Stigma Woes; or, Be Nice to Sex Workers
I sat alone in my basement apartment at 5:00 a.m., ears ringing, the silence jolting and invasive. I had spent the previous eight hours on the overnight outreach van with my new employers, the aptly titled “HIPS,” or Helping Individual Prostitutes Survive, and I felt at once desperately fatigued and fretfully manic. The night was typical: handing out safer sex and injection drug supplies to sex-workers throughout the city of DC; sharing micro-counseling techniques with four dedicated volunteers; a late night McDonald’s run to stave off sleep and hunger. I also learned a new joke from one of our clients. “When a cop approaches to ask what I be doin’ out here,” she began, “I tell him I’m doing car washes. $300 bucks a pop. And he be like, ‘Why are they so expensive?’” She pauses, and we all lean forward. “’Because,’ I tell him, ‘the blow jobs are free.’”
The emotional dexterity required of an outreach worker is profound. At moments, laughter rings forth as we approach a gaggle of sex-workers on Kelly Street, sharing quips about dates, relationships, children, cops, outfits (“look at that mess of a skirt!”), and slow evenings. At others, we hear stories of violence and trauma, of barriers to services due to stigma, of chipped nails and missed rent payments. We hear stories of ambivalence towards such violence (“it is what it is”), and ways that individuals keep themselves safe (“I carry mace with me everywhere, honey”).

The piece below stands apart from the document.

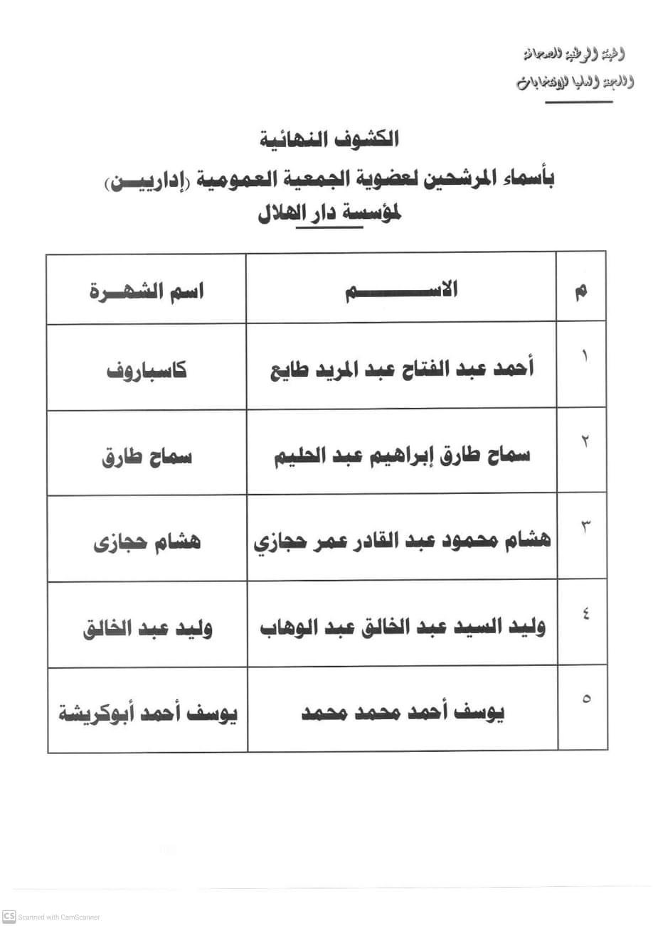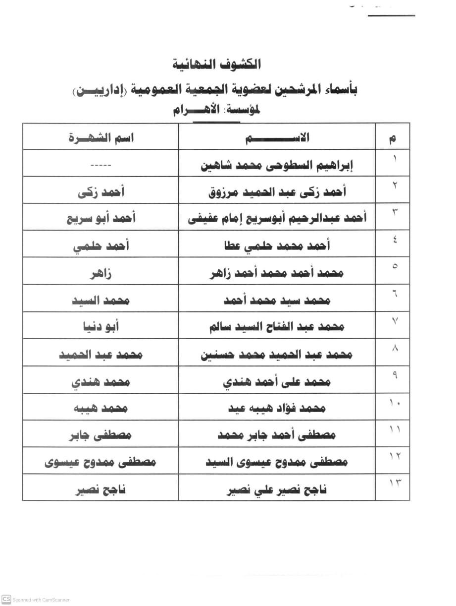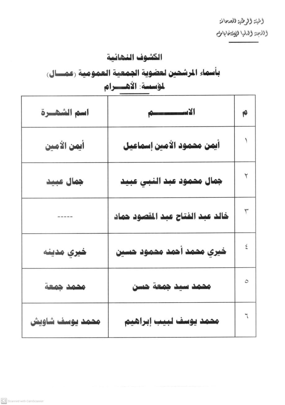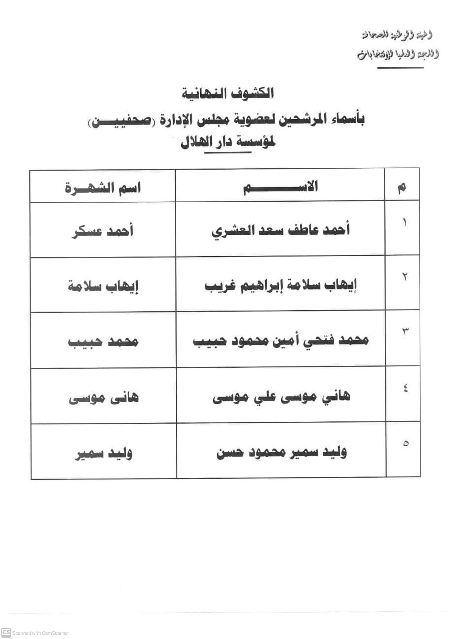 أعلنت الهيئة الوطنية للصحافة عن الكشوف النهائية بأسماء المرشحين لعضوية مجالس الإدارات والجمعيات العمومية بالمؤسسات الصحفية القومية، وذلك طبقًا لما انتهت إليه اللجنة العليا للإشراف على الانتخابات المُشكلة بموجب قرار الهيئة.

My work at HIPS has been illuminating in ways I could not have previously imagined; the ways our clients move between spaces—of those branded legal and illegal, of dark and light, of safety and danger, of male, female, between, beyond—is both praiseworthy and defeating. Praiseworthy because our clients are strong and capable: defeating because they have to be. We often ask our clients how they keep themselves safe. Some state they avoid known “dangerous areas,” while others display rape whistles. But more often than not, we hear of informal networks on the streets that individuals use to share knowledge, resources, and community. I see queer kinship ties, created families of mothers and aunts and daughters that span generational, linguistic, national, regional, and ideological divides. We see clients referencing and sharing our “bad date sheet” (a sheet with descriptions of violent Johns). We see, quite simply, survival.

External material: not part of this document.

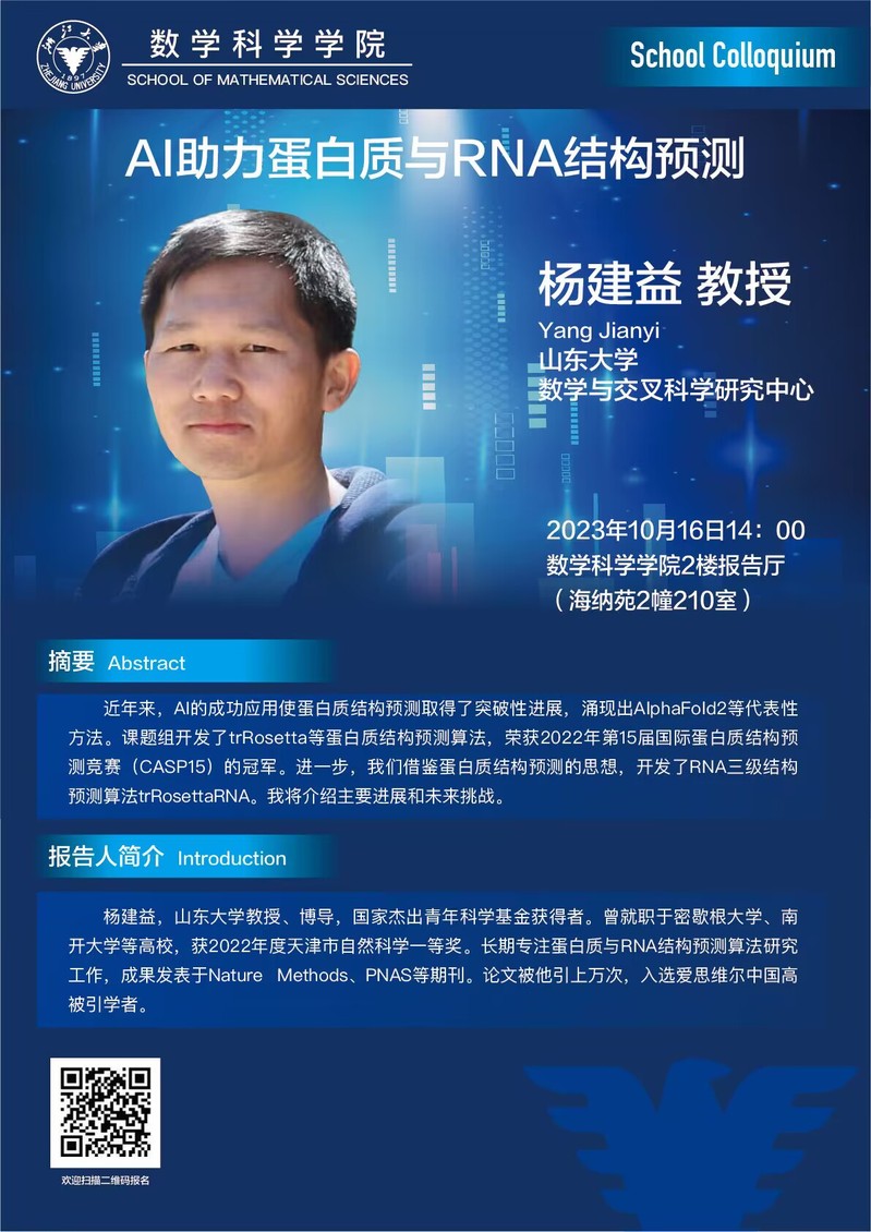 Seminars Seminars School Colloquium Conferences Position : homepage EVENTS Seminars School Colloquium—AI助力蛋白质与RNA结构预测 2023-10-16 14:00:48 2023-10-16 14:00:48 2023-10-16 14:00:48 Speaker : Yang Jianyi, Shandong University Time : 2023-10-16 14:00:48 Location : 210 Haina Complex Building 2 Date: 2023-10-11 Visitcount : 94

At HIPS, we believe our clients are experts in their own lives, that they are equipped with the knowledge to keep themselves safe and healthy in a system that would do everything to see them not survive. And when I see the strength (and difficulties, and ambivalences) from our clients, I cannot help but wonder: what do we, as a country, have at stake in passing judgment upon the complex lives of those engaged in sex-work and/or drug use? How can those most in need of basic care—in need of safer hormone injection supplies, of band aids and alcohol pads and wound care, of food, of shelter, of dignity—be institutionally barred from accessing such services due to stigma?

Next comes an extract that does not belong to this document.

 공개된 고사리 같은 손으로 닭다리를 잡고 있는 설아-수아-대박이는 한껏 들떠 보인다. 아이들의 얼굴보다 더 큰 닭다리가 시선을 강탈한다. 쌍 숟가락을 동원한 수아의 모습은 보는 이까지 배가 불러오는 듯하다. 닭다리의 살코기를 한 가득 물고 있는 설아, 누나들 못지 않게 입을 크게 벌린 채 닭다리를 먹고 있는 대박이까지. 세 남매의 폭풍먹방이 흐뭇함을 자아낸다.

Stigma haunts those of us engaged in public health equity. It’s the continual shadow of providers and legislators and medical professionals; it intervenes in ways both invisible and blatant, and depressingly, the bodies of our clients are often caught in the cross-fire. We would like to believe that healthcare is, in some way, objective. Sadly such is not the case.
Which brings us back to my basement at 5:00 am, back to where I feel most enlivened and most deflated. While our clients inspire, the unequal healthcare system we all navigate feels insurmountable. It feels as a living being, alive for time immemorial. How can I—how can we—create change in the face of such obstacles?
I am reminded of HIPS’ harm reduction ideology, one that refutes the “all-or-nothing” frameworks that often animate our thinking around complex issues such as stigma, health equity, and activism. Instead of such binary thinking, harm reduction encourages us to meet people where they’re at, to affirm positive life choices—however incremental—and remain non-judgmental throughout. How can we find ways to empower individuals to make healthy decisions despite complex webs of institutional oppression? How can we, as providers, ethically navigate a system that may or may not work in our favor? And ultimately, how can we regain a sense of power in an otherwise disempowered position? These questions both excite and immobilize—they both generate action and leave us (ahem, me) feeling depressed, spoon of ice cream in hand, the salty taste of tears mixing with our sundaes.
But we are, after all, a global community. As Global Health Corps fellows, we have felt inspired to create change, to use our resources and privilege in ways that chip away at this beast of a healthcare system. For change can and does happen. So let us come alive in and through this work. Let us forge meaningful connections. Let us see and be seen. Let us look upon one another with dignity to radically disrupt the current unequal status quo. Let us, in the words of one of HIPS’ clients, “keep doin’ what y’all are doin’. Cause y’all save lives.”